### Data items
####################
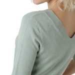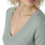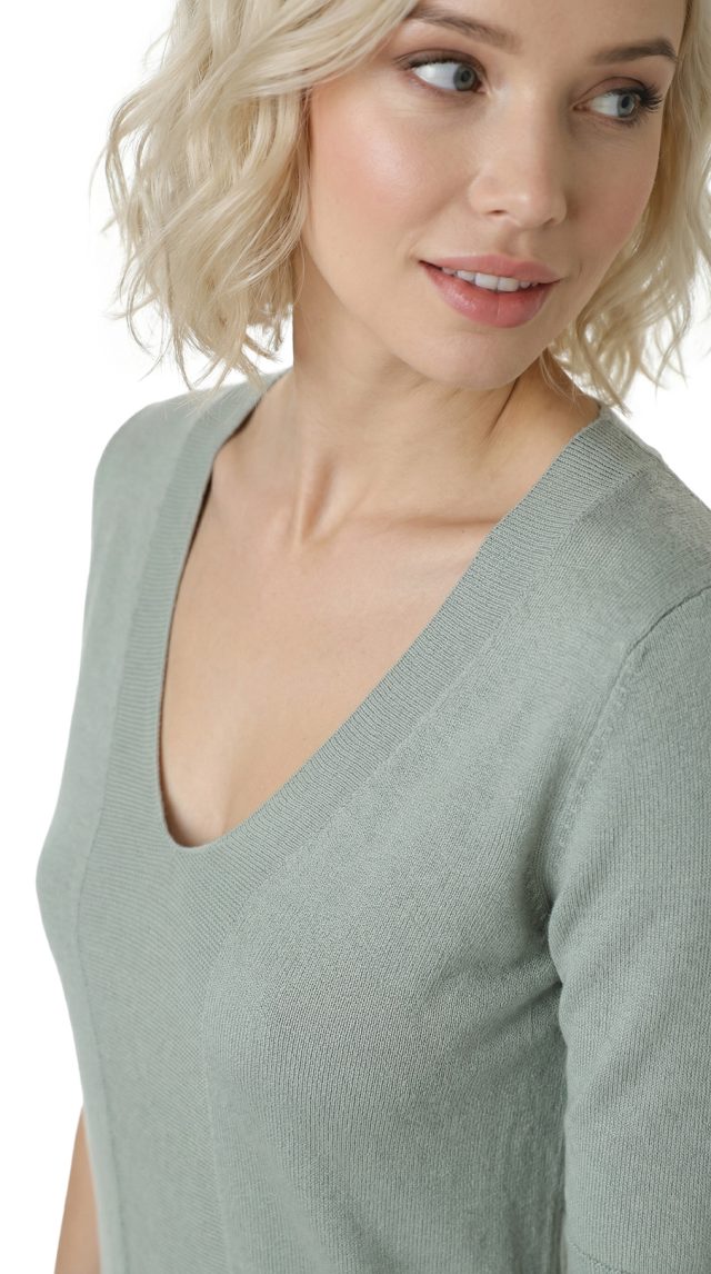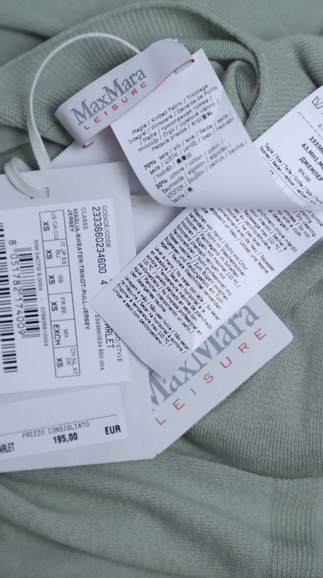 Оригинал с биркой. Новый трикотажный джемпер концерна Max Mara нежного мятного цвета. Женственный фасон с V-вырезом по переду и спинке и рукавом 1/2. Красивая окантовка горловины, плавно продолжающаяся по центру и низу — визуально стройнит фигурку. Вырезы в боковых швах для комфортной посадки. Стильное, элегантное дополнение гардероба в любое время года. Пошив — Италия. В составе: 70% натуральный шелк, 30% хлопок — ткань экстра качества: легкая, мягкая, бархатистая, хорошо тянется и садится точно по фигурке. Состояние — новое, с оригинальной биркой Max Mara (коллекция Leasure). Цена на бирке — 195 евро.
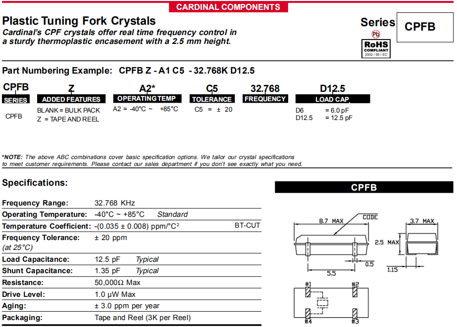 Cardinal晶振,CPFB晶振,石英晶體諧振器.32.768K系列具有超小型,薄型,質(zhì)地輕的表面貼片音叉型石英晶體諧振器,晶振產(chǎn)品本身具備優(yōu)良的耐熱性,耐環(huán)境特性,在辦公自動化,家電領(lǐng)域,移動通信領(lǐng)域可發(fā)揮優(yōu)良的電氣特性,符合無鉛標準,滿足無鉛焊接的回流溫度曲線要求,金屬外殼的石英晶振使得產(chǎn)品在封裝時能發(fā)揮比陶瓷晶振外殼更好的耐沖擊性能.
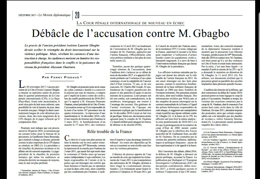 Dès l’ouverture des débats, début 2016, la défense de M. Gbagbo a dénoncé un procès politique, accusant la France. La publication par Mediapart et l’European Investigative Collaborations (EIC) de documents confidentiels, début octobre 2017, a révélé quelques secrets et renforcé l’impression d’une CPI instrumentalisée. Ainsi, des courriels émanant de la diplomatie française tendent à montrer que le procureur Luis Moreno Ocampo, prédécesseur de Mme Bensouda, était dès 2010 en contact avec M. Ouattara, soit bien avant qu’il y ait des violences en Côte d’Ivoire et avant toute instruction.
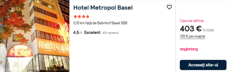 257 €/pers. (zbor si cazare Hotel Metropol Basel )
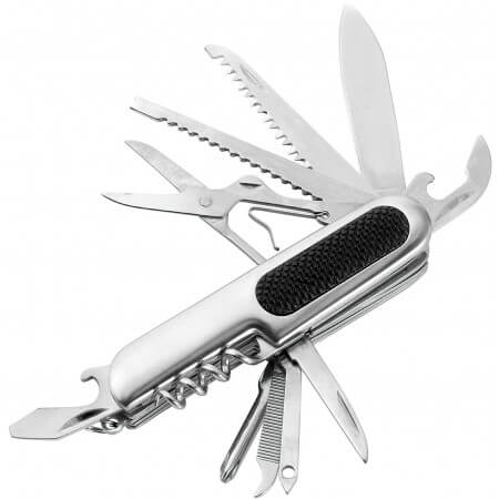 Stainless steel pocket knife with 11 functions. Includes a bottle opener, can opener/flat head screwdriver, corkscrew, Philips screwdriver, two saws, pair of scissors, two small knives, a large knife and a wire bender.
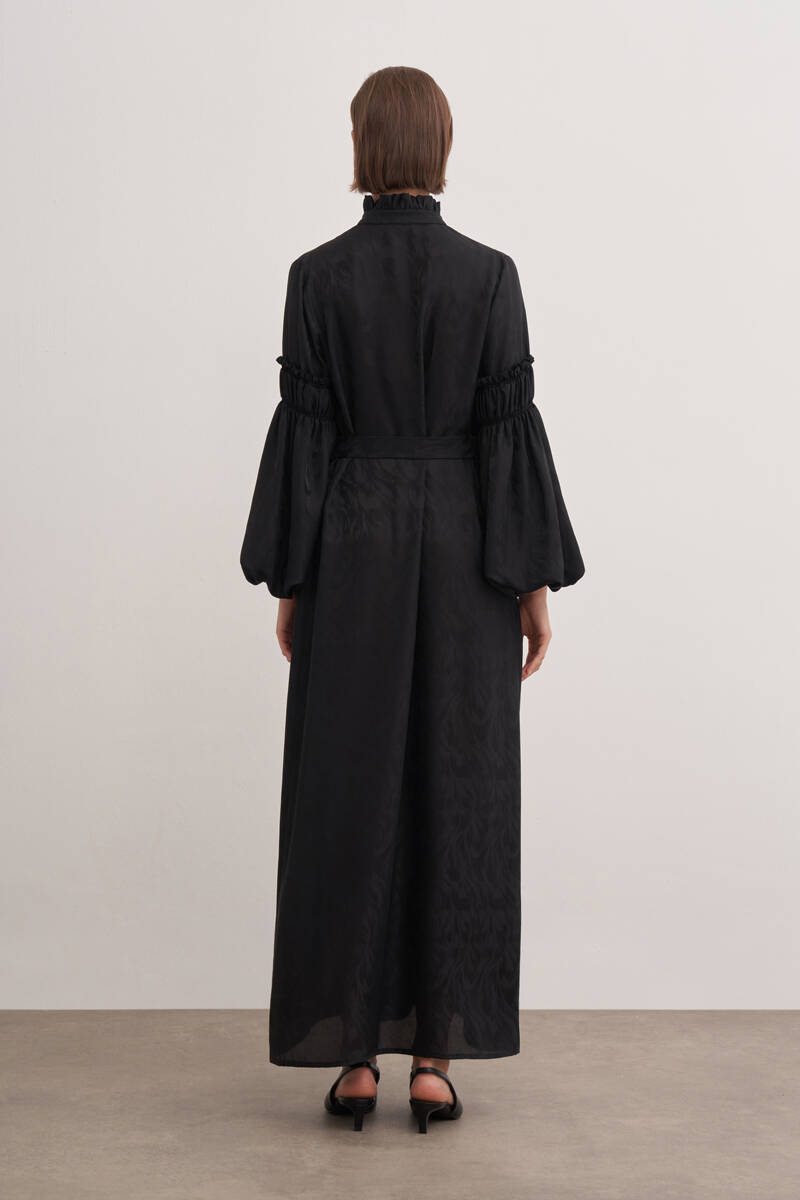 Siyah Doğal Dokulu Kumaş Gömlek Elbise
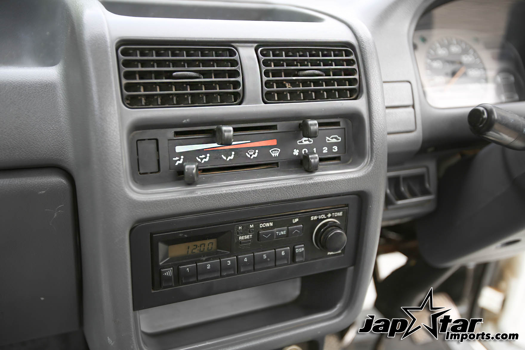 Heat, fan, defroster, manual roll up windows, windshield wipers, horn, hi-low beam headlights, tail lights, turn signals, 5speed manual transmission, bed with fold down sides,
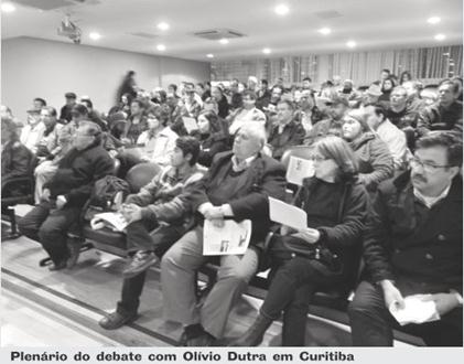 Curitiba: no dia 15, no Espaço Cultural e Esportivo dos Bancários, Olívio debateu com os mais de 130 petistas presentes. Uma das questões, destacadas por todos os componentes da mesa foi a decisão do PT municipal de abrir mão da candidatura própria para apoiar o ex-tucano Gustavo Fruet, hoje no PDT. Cláudio Ribeiro, fundador do PT destacou: A Direção que hoje comanda os destinos do PT tem compromissos com a conservação do sistema” destacando que “a promoção do inchaço do PDT para abrigar os descontentes de outras legendas e fortalecê-lo como aliado é um dos mecanismos desta lógica perversa.
####################
### Directions for this task
Pictures should be omitted. Please return exactly the lines from the line that holds "Heat, fan, defroster, manual" through the end of the records.

### Task output
 Heat, fan, defroster, manual roll up windows, windshield wipers, horn, hi-low beam headlights, tail lights, turn signals, 5speed manual transmission, bed with fold down sides,
 Curitiba: no dia 15, no Espaço Cultural e Esportivo dos Bancários, Olívio debateu com os mais de 130 petistas presentes. Uma das questões, destacadas por todos os componentes da mesa foi a decisão do PT municipal de abrir mão da candidatura própria para apoiar o ex-tucano Gustavo Fruet, hoje no PDT. Cláudio Ribeiro, fundador do PT destacou: A Direção que hoje comanda os destinos do PT tem compromissos com a conservação do sistema” destacando que “a promoção do inchaço do PDT para abrigar os descontentes de outras legendas e fortalecê-lo como aliado é um dos mecanismos desta lógica perversa.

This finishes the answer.